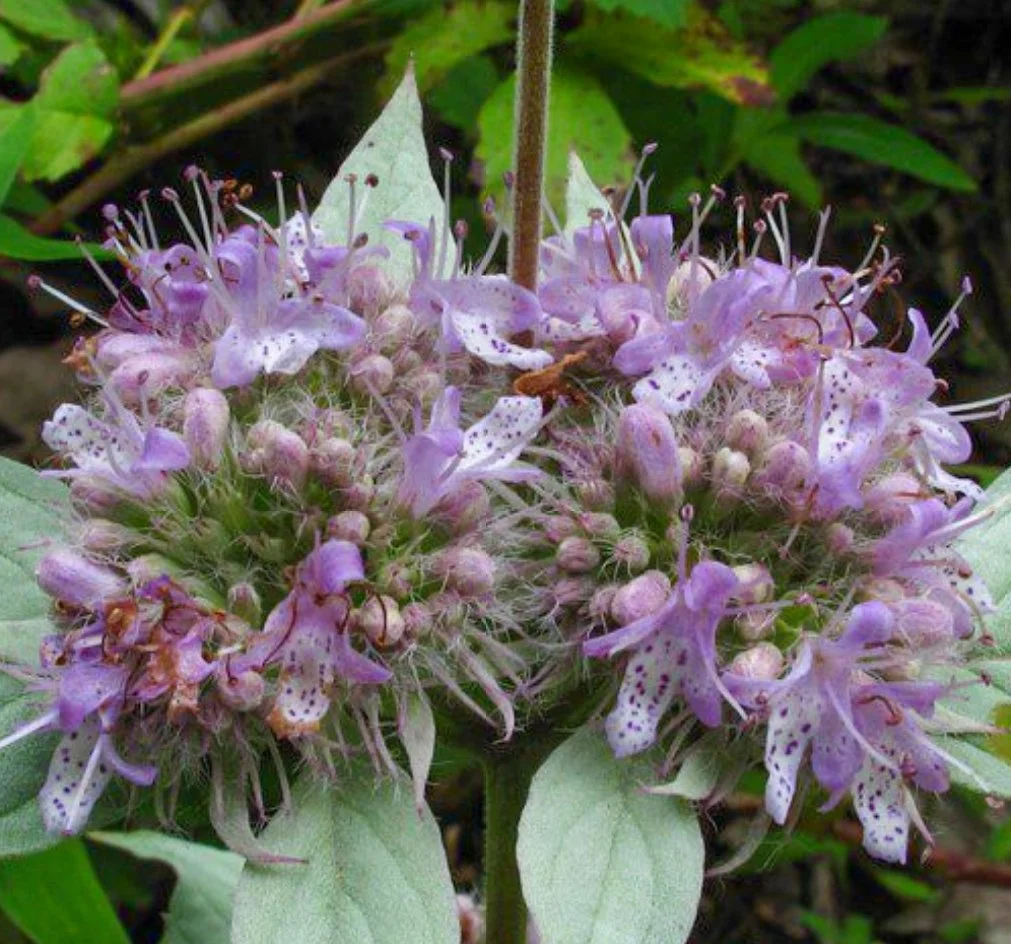 As is common with many members of the mint family, Hoary Mountain Mint is rich in volatile organic compounds (VOCs) that serve a dual purpose: attracting pollinators while simultaneously repelling herbivores. This natural defense mechanism makes the plant nearly impervious to browsing by rabbits and deer. Beyond its ecological benefits, the plant’s strong, clean, and vibrant aroma is highly appealing to humans as well. Historically, Native Peoples have utilized Hoary Mountain Mint for thousands of years, appreciating its aromatic qualities in teas and medicinal preparations. It has been traditionally used to relieve headaches when combined with Black Willow, to stop nosebleeds, and to enhance mental alertness, showcasing its versatility and value as a natural remedy.
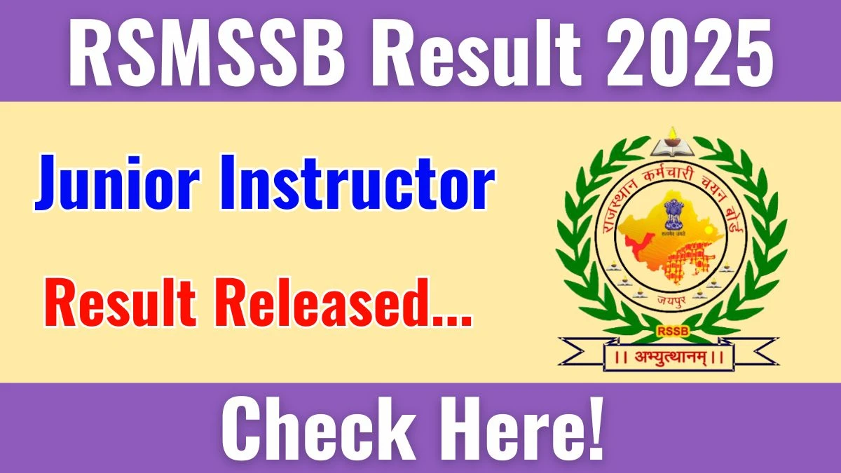RSMSSB Junior Instructor Result 2025 Released: The Rajasthan Subordinate and Ministerial Services Selection Board (RSMSSB) has officially declared the RSMSSB…
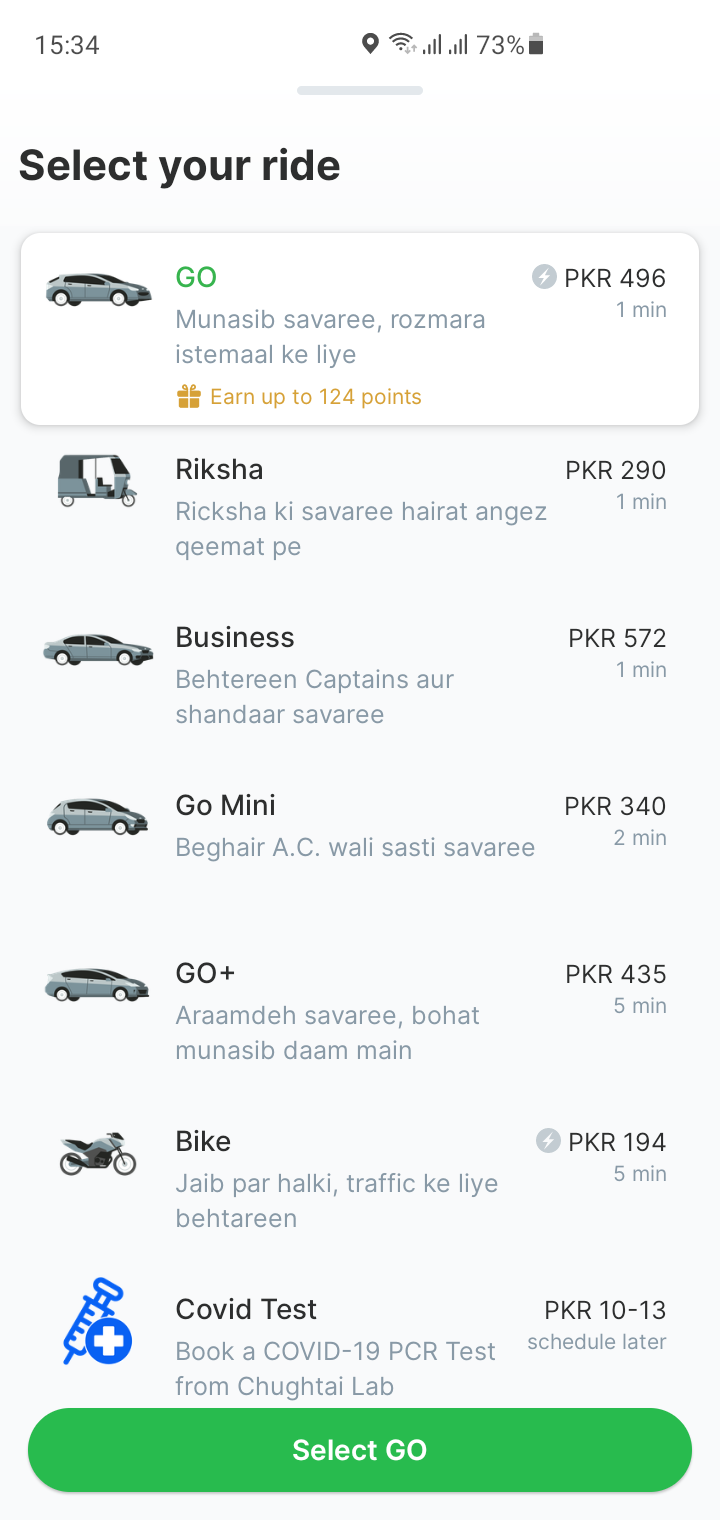 - Payment options: If the payment is by card, the amount will automatically be deducted from your account. If it’s cash, make sure to collect the change or ask the Captain to top-up the wallet. Gold Customers can top-up up to PKR 400 and non-gold Customers can top-up up to PKR 100.
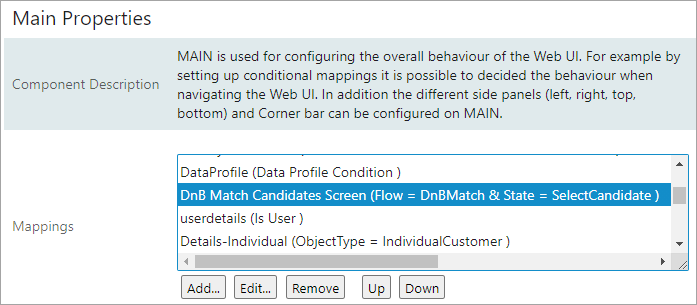 Map a Workflow Condition in the Main Properties to configure access to the D&B Match Candidates Screen. Create a Workflow Condition for each state of the D&B workflow and select the screen you just created for the Screen Mapping Properties. Setup details are included in the Mapping Workflow States in Web UI topic.
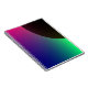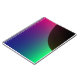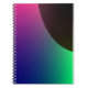 This awesome notebook.features a digitally created image that resembles the crescent of a dark planet surrounded by a cosmic aurora of green, blue, purple and pink.
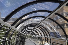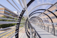 A total of 90 sheets of almost 5m long, 8mm clear Marlon FSX flat polycarbonate sheets were supplied and cold curved on-site to glaze the roof of new walkway.
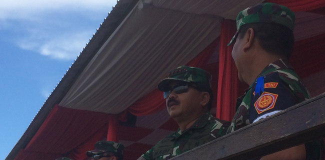Panglima TNI Marsekal TNI Hadi Tjahjanto secara seksama menyaksikan jalannya Latihan Bantuan Tembakan Terpadu TNI 2018 di Pusat Latihan Tempur Marinir Asembagus, Situbondo, Jawa Timur, Rabu (28/11).
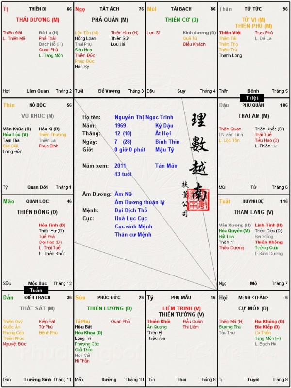Em nghĩ Tài Thọ không ảnh hưởng đến số con của đương số.donaldnguyen đã viết:Mình thì có cả Thiên Tài - Thiên Thọ ở Thiên Di, nhìn chung là người dân giúp đỡ rất nhiều và mình cũng sòng phẳng, đối đãi họ nhiệt tâm nên mình hoàn toàn hài lòng về khoản này. Đây là LS của mẹ mình, Tài Thọ đều ở cung Tử Tức nhìn rất hoàng tráng nhưng chỉ mỗi duy nhất mình là con 1, mẹ mình phá thai ít nhất 2 lần, nghe nói mình chỉ là con giữa mà thôi. Nhưng mối quan hệ giữa mình với mẹ rất xấu, nhưng từ nhỏ đến lớn cuộc sống của mình khá êm ả, đầy đủ, vật chất trên mức cơ bản đối với nhiều người, ít lo toan chuyện cơm áo, sống khá phè phỡn.
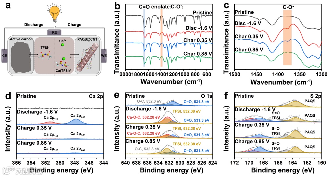 通过机理研究证明,Ca2+和CaTFSI+共同嵌入PAQS中,结合PAQS中羰基活性位点。此外,机理研究还证实了在高电位下TFSI-会可逆嵌入CNT中。最后,通过计算PAQS与Ca2+和CaTFSI+的结合能,进一步证明Ca2+和CaTFSI+更倾向于共同嵌入PAQS中。
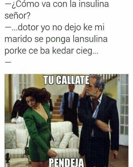 Este meme reúne una serie de elementos que caracterizan el ‘ser paciente’ desde la perspectiva médica y que, como veremos en las siguientes páginas, reaparecen en varias narrativas grupales que constituyen su identidad. La historia ilustrada en este meme retrata a los pacientes como sujetos que: 1) carecen de educación (nótese la manera cómo está escrito el diálogo de la paciente en el meme); 2) tienen ideas irracionales (la insulina no produce ceguera, sino que ésta es una complicación de la diabetes); 3) toman decisiones irresponsables (no utilizar la insulina a pesar de que el médico la ha prescrito), y 4) no son competentes para hacerse cargo de su salud (pues sin el tratamiento a base de insulina, la salud del paciente diabético irá deteriorándose cada vez más). Otras narrativas grupales sobre ‘ser paciente’ recopiladas durante mi trabajo etnográfico reproducen las mismas características, como se aprecia con los siguientes ejemplos:
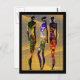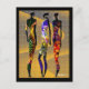 Die Postkarte der afrikanischen Wüste ist eine stilvolle Mischung aus Mode und Kunst. Mit drei elegant gestellten weiblichen Silhouetten in leuchtenden, geometrischen Pastellmustern vereint das Design moderne Ästhetik mit Wüstenlandschaft. Die kühnen Farben und die elegante Komposition machen es zu einem auffälligen und raffinierten Stück, das perfekt für Sammler oder Bewunderer zeitgenössischer afrikanisch inspirierter Kunst ist.
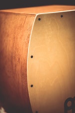 Helt unik design med böjda sidor i stället för traditionella raka kanter. Den extra breda/böjda formen hjälper till att få ett mörkt och basigt sound men ändå med ett tydligt toppljud från frontplattan. Cajonens kropp är tillverkad av Siam Oak och frontplattan i maple/lönn i matt finish.
-*-*-
**The problem:**
Print each line of the material above exactly, with the pictures removed from your copy.

**Exercise answer:**
 As is common with many members of the mint family, Hoary Mountain Mint is rich in volatile organic compounds (VOCs) that serve a dual purpose: attracting pollinators while simultaneously repelling herbivores. This natural defense mechanism makes the plant nearly impervious to browsing by rabbits and deer. Beyond its ecological benefits, the plant’s strong, clean, and vibrant aroma is highly appealing to humans as well. Historically, Native Peoples have utilized Hoary Mountain Mint for thousands of years, appreciating its aromatic qualities in teas and medicinal preparations. It has been traditionally used to relieve headaches when combined with Black Willow, to stop nosebleeds, and to enhance mental alertness, showcasing its versatility and value as a natural remedy.
RSMSSB Junior Instructor Result 2025 Released: The Rajasthan Subordinate and Ministerial Services Selection Board (RSMSSB) has officially declared the RSMSSB…
 - Payment options: If the payment is by card, the amount will automatically be deducted from your account. If it’s cash, make sure to collect the change or ask the Captain to top-up the wallet. Gold Customers can top-up up to PKR 400 and non-gold Customers can top-up up to PKR 100.
 Map a Workflow Condition in the Main Properties to configure access to the D&B Match Candidates Screen. Create a Workflow Condition for each state of the D&B workflow and select the screen you just created for the Screen Mapping Properties. Setup details are included in the Mapping Workflow States in Web UI topic.
 This awesome notebook.features a digitally created image that resembles the crescent of a dark planet surrounded by a cosmic aurora of green, blue, purple and pink.
 A total of 90 sheets of almost 5m long, 8mm clear Marlon FSX flat polycarbonate sheets were supplied and cold curved on-site to glaze the roof of new walkway.
Panglima TNI Marsekal TNI Hadi Tjahjanto secara seksama menyaksikan jalannya Latihan Bantuan Tembakan Terpadu TNI 2018 di Pusat Latihan Tempur Marinir Asembagus, Situbondo, Jawa Timur, Rabu (28/11).
Em nghĩ Tài Thọ không ảnh hưởng đến số con của đương số.donaldnguyen đã viết:Mình thì có cả Thiên Tài - Thiên Thọ ở Thiên Di, nhìn chung là người dân giúp đỡ rất nhiều và mình cũng sòng phẳng, đối đãi họ nhiệt tâm nên mình hoàn toàn hài lòng về khoản này. Đây là LS của mẹ mình, Tài Thọ đều ở cung Tử Tức nhìn rất hoàng tráng nhưng chỉ mỗi duy nhất mình là con 1, mẹ mình phá thai ít nhất 2 lần, nghe nói mình chỉ là con giữa mà thôi. Nhưng mối quan hệ giữa mình với mẹ rất xấu, nhưng từ nhỏ đến lớn cuộc sống của mình khá êm ả, đầy đủ, vật chất trên mức cơ bản đối với nhiều người, ít lo toan chuyện cơm áo, sống khá phè phỡn.
 通过机理研究证明,Ca2+和CaTFSI+共同嵌入PAQS中,结合PAQS中羰基活性位点。此外,机理研究还证实了在高电位下TFSI-会可逆嵌入CNT中。最后,通过计算PAQS与Ca2+和CaTFSI+的结合能,进一步证明Ca2+和CaTFSI+更倾向于共同嵌入PAQS中。
 Este meme reúne una serie de elementos que caracterizan el ‘ser paciente’ desde la perspectiva médica y que, como veremos en las siguientes páginas, reaparecen en varias narrativas grupales que constituyen su identidad. La historia ilustrada en este meme retrata a los pacientes como sujetos que: 1) carecen de educación (nótese la manera cómo está escrito el diálogo de la paciente en el meme); 2) tienen ideas irracionales (la insulina no produce ceguera, sino que ésta es una complicación de la diabetes); 3) toman decisiones irresponsables (no utilizar la insulina a pesar de que el médico la ha prescrito), y 4) no son competentes para hacerse cargo de su salud (pues sin el tratamiento a base de insulina, la salud del paciente diabético irá deteriorándose cada vez más). Otras narrativas grupales sobre ‘ser paciente’ recopiladas durante mi trabajo etnográfico reproducen las mismas características, como se aprecia con los siguientes ejemplos:
 Die Postkarte der afrikanischen Wüste ist eine stilvolle Mischung aus Mode und Kunst. Mit drei elegant gestellten weiblichen Silhouetten in leuchtenden, geometrischen Pastellmustern vereint das Design moderne Ästhetik mit Wüstenlandschaft. Die kühnen Farben und die elegante Komposition machen es zu einem auffälligen und raffinierten Stück, das perfekt für Sammler oder Bewunderer zeitgenössischer afrikanisch inspirierter Kunst ist.
 Helt unik design med böjda sidor i stället för traditionella raka kanter. Den extra breda/böjda formen hjälper till att få ett mörkt och basigt sound men ändå med ett tydligt toppljud från frontplattan. Cajonens kropp är tillverkad av Siam Oak och frontplattan i maple/lönn i matt finish.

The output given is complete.